In this interview, Jason King, Associate Business Development Director at OXGENE, a WuXi Advanced Therapies company, describes how end-to-end solutions can help in overcoming bottlenecks associated with plasmid manufacture, as well as how to prepare for scaling up.
Could you please introduce yourself and tell us a bit about your role?
My name is Jason King, I’m in business development for OXGENE, a WuXi Advanced Therapies company. My role is to interest clients in our cell and gene therapy platforms.
How is WuXi Advanced Therapies operating as an end-to-end solution provider?
Describing ourselves as an end-to-end provider means that we now fulfil the whole range of activities for our clients. Right from the earliest stages where we’re cloning their genes of interest into our viral vector systems and then optimizing them to get the best productivity, to process development work and handing over to our colleagues in Philadelphia to carry out the clinical grade manufacturing as well as the testing that goes with that, means that we can now do the whole process. We can take clients right from the beginning to the end. We do everything except the clinical trials themselves.
What do partners gain from having that end-to-end service provision?
Mainly it’s about tech transfer, as a technology transfer is something which can be quite complex. If you’ve already done the small skill work with our plasmid systems, for example, then when you transfer it to the clinical manufacturing stage, it’s the same materials, the same cells and you’re sure that things are going to work, so it de-risks the situation.
What range of plasmid scales and qualities are you able to deliver?
In terms of qualities, we do research-grade ‘clinical GMP’ and ‘commercial GMP’. The clinical and commercial GMP are both produced in the same GMP facility, but the commercial GMP has more quality assays associated with it. Scale-wise, we can go right from small-scale 1 milligram for customers who want to just evaluate or test out the plasmids initially, right up to 50 gram scales, and we can do that for research grade all the way through to commercial GMP.
What are your lead times for plasmids?
So for research-grade plasmids, we actually have all of the packaging plasmids for lentivirus vector production and AAV vector production in-stock, so lead times are about 2 weeks. We also have stocks of clinical GMP plasmids, so again, 2 weeks. For GMP plasmids, we’re looking at around 3 months.
What benefits do OXGENE’s AAV and lenti plasmids have?
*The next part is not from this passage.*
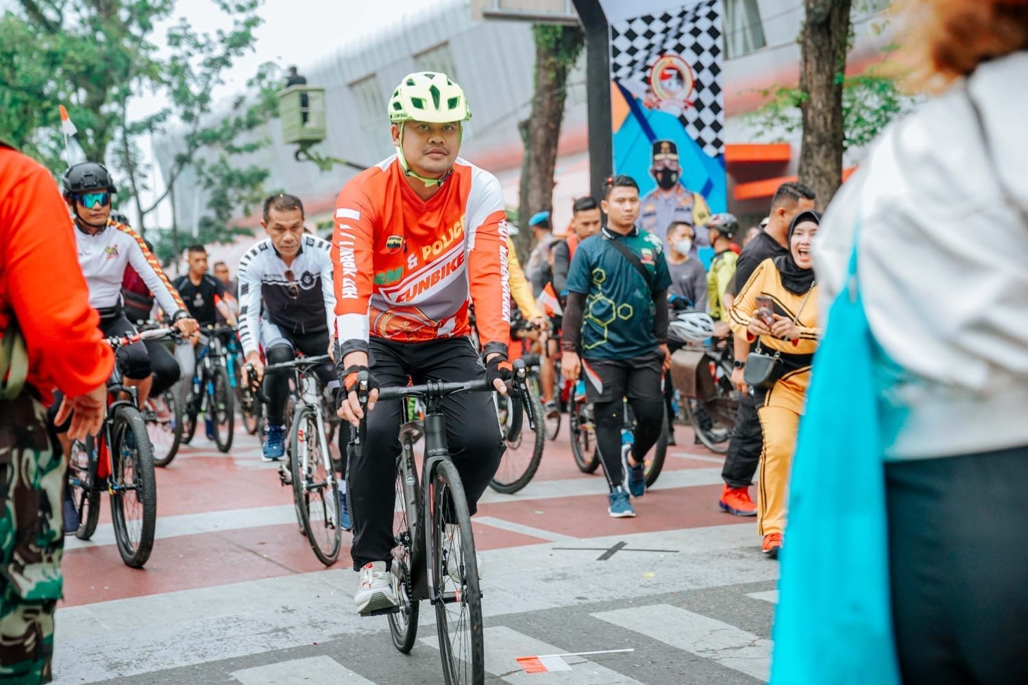 Fun bike ini digelar serentak di seluruh Indonesia yang dibuka langsung Kapolri Jenderal Pol Drs Listyo Sigit Prabowo, MSi secara virtual melalui via zoom meeting.

So both the lentiviral and AAV plasmids have been created and optimized by OXGENE. By optimization, we mean codon optimization and plasmid size reduction, which means that the transfection efficiencies are much higher. As a result, the productivity for AAV and LV production are much higher and industry leading, in fact.
The nice thing is that WuXi Advanced Therapies in Philadelphia carries out the clinical grade manufacturing of these vectors using exactly the same reagents, using the same vector systems in the same cells. So again, if it works in small scale preclinical, it should work as well in clinical grade manufacturing
How can larger viral vector batches be accommodated as systems scale?
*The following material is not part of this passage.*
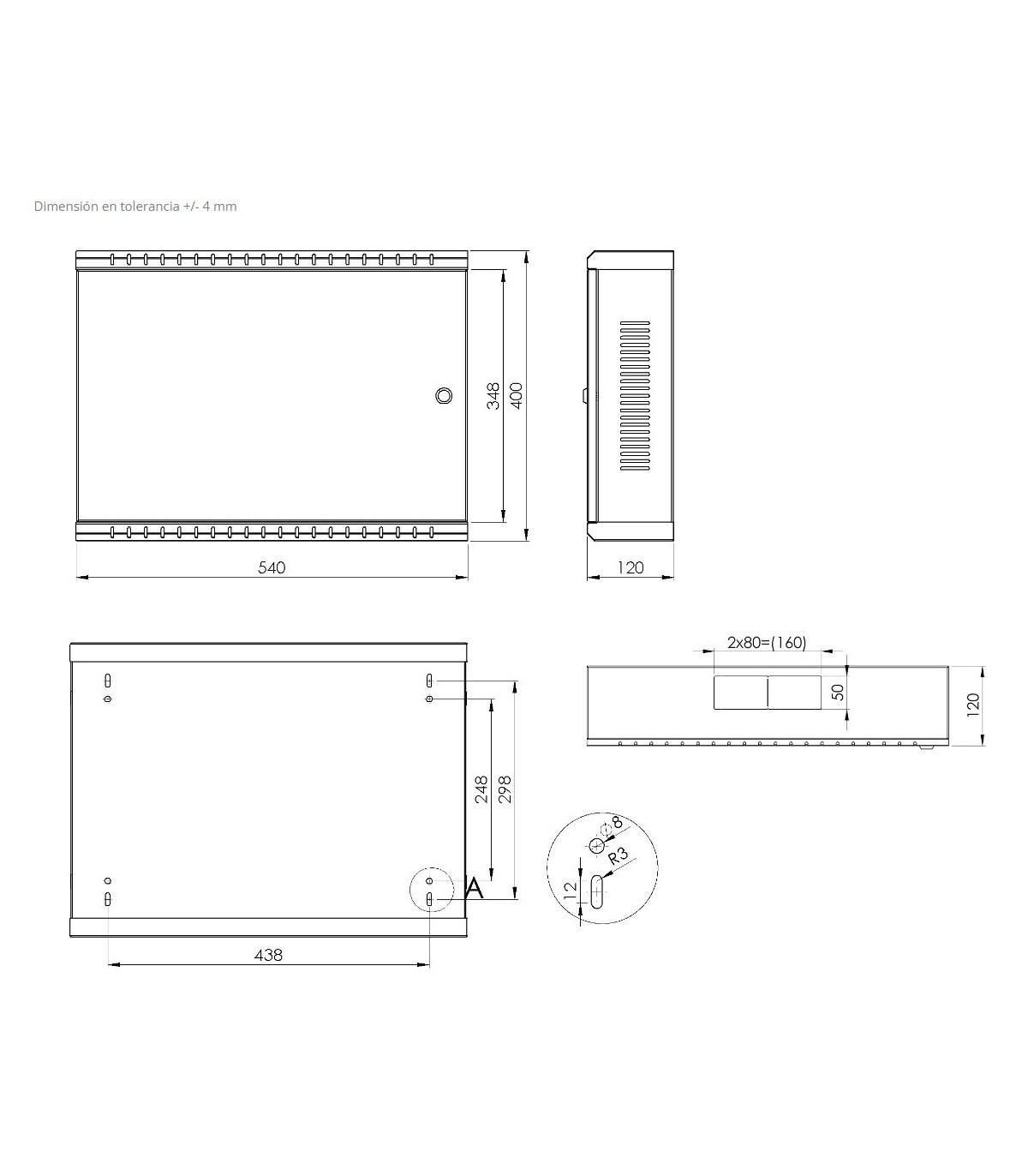 Rack Mural 19" 2U F120 vertical con perfiles desplazables.

The plasmid system is really good for preclinical and early stage clinical work and gives you great flexibility. When you are moving towards Phase III clinical trials and on to commercial manufacturing, more scalable solutions can be useful.
OXGENE has developed two different scalable systems – TESSA™ for AAV manufacture, and LentiVEX™ stable producer lines for lentiviral vector manufacture. These are really interesting for later stages as the components of the stable systems are exactly the same as in the transient system, so if you want to move from the plasmid-based system to this scalable system later, the reproducibility of production should be greater.
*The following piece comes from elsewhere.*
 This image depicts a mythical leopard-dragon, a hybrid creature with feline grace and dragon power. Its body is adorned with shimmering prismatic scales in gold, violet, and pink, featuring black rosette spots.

What else needs to be considered when assessing scalability?
It’s more to do with reproducibility and with scaling, it’s important. A plasmid system scales up well to 200 litre bioreactors, but beyond that it becomes quite difficult and challenging. The scalable systems don’t rely on plasmid transfection, and therefore are more scalable.
From an operator point of view, it’s a much simpler process to add a biochemical to induce expression of vectors rather than to try and transfect 3 or 4 plasmids into all of those cells.
How can plasmid manufacture become a bottleneck for clinical grade viral vector manufacture?
People talk about the bottleneck quite a lot and this is really an issue. When you have lead times for clinical production slots for viral vector manufacture that are 6 or 7 months, you need to ensure that the plasmid produced is supplied in a shorter time frame than that. This is why we aim for 3-month time frames for the GMP plasmid so you can be sure in knowing that your plasmids are going to be available for the manufacturer to do the viral vector manufacturing with them.